Chinese Foreign Minister Yang Jiechi hinted that the dispute arisen out of the White House meeting between President Obama and the Dalai-Lama may be something of the past. Washington will be forgiven.
In the case of President Sarkozy of France, Beijing's anger took months to subside. Sarkozy had dared to meet the Tibetan leader in Warsaw (Poland) against Beijing's 'advice'.
This is the difference between a 'big' country and a 'small' one and of course, it depends on the current 'national interests' of the PRC.
China Hints at Resolution of Sino-US Disputes
Peter Simpson
Beijing 07 March 2010
China's foreign minister says Beijing and the United States should move past recent disputes and work together to get relations back on track.  The foreign minister's comments came on the sidelines of the annual session of parliament.
Chinese Foreign Minister Yang Jiechi appeared to signal Sunday that a small, but significant, thaw in the frosty relations between Beijing and Washington has begun.
During a lengthy news conference at the on-going National People's Congress (NPC) in Beijing, he invited the United States to work with China to put recent differences behind them.
He says the United States should work with the Chinese in a joint effort to return the China-U.S. relationship to a track of stable development.
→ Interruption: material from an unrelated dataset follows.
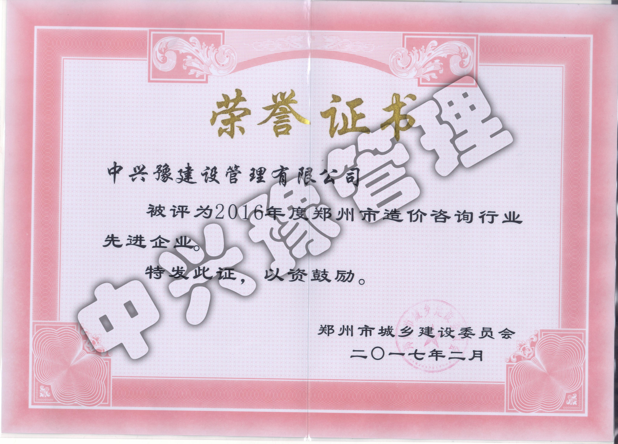 2016年度工程造價先進(jìn)企業(yè)-公司榮譽(yù)

And he says Beijing hopes the United States will agree to overcome the differences.
Beijing and Washington have been at odds over a number of issues.  Among them are U.S. arms sales to Taiwan, the White House welcome for Tibet's exiled leader, the Dali Lama, Chinese cyber-spying and trade issues.
Yang's call for a resolution came amid a repeat of the hostile rhetoric by Beijing in recent weeks.
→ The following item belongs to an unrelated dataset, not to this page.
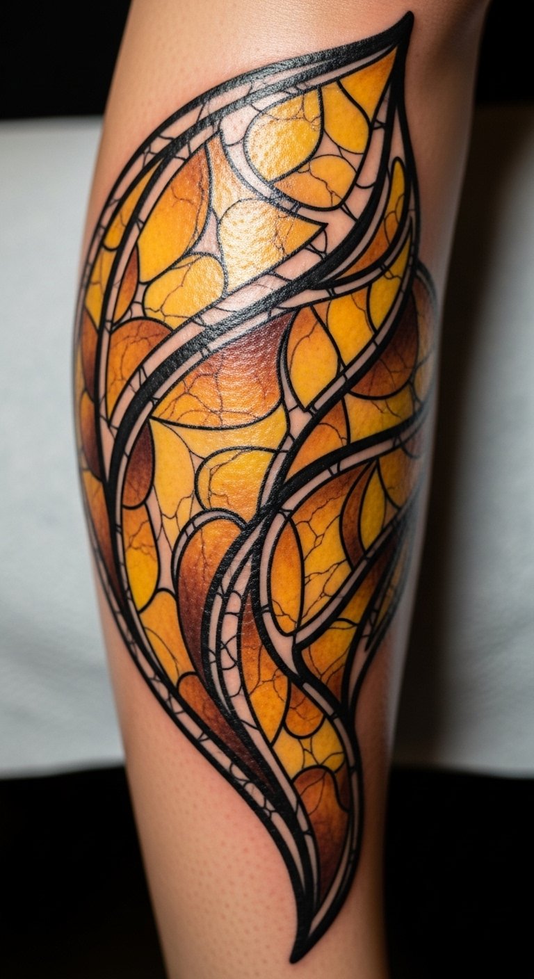 Leg stained glass tattoos follow curves down your limb. Trace paths on paper simply. Make it follow your shape. This design uses lines for direction. Experiment with apps. Put it on your calf. Include path twists. Save with basic sketches. Gather ideas from walks. This tattoo guides your way. Draw paths first.

He reiterated Beijing's claim the United States had caused the strained ties, saying China's core interests had been ignored.  China's foreign policy has caused international anger recently, including Beijing's rigid stance on climate change and emissions cuts.
Beijing's trade policies have also caused friction.  China has refused to adjust the value of its currency, the yuan, which has been frozen at just under $7 since mid-2008.  This has allowed Beijing to preserve the international competitiveness of its exports.
Europe and the United States claim this creates unfair trade balances and have called on Beijing to loosen the yuan.  China's central bank released a statement to NPC delegates Saturday pledging to keep the country's currency stable throughout 2010.
Beijing has said it believes a change in its exchange rate will lead to a slowdown in economic growth and mass unemployment, threatening social stability.
Chinese exports plunged by 16 percent last year. China's Commerce Minister, Chen Deming, says it could take up to three years for the country's exports to reach pre-global financial crisis levels.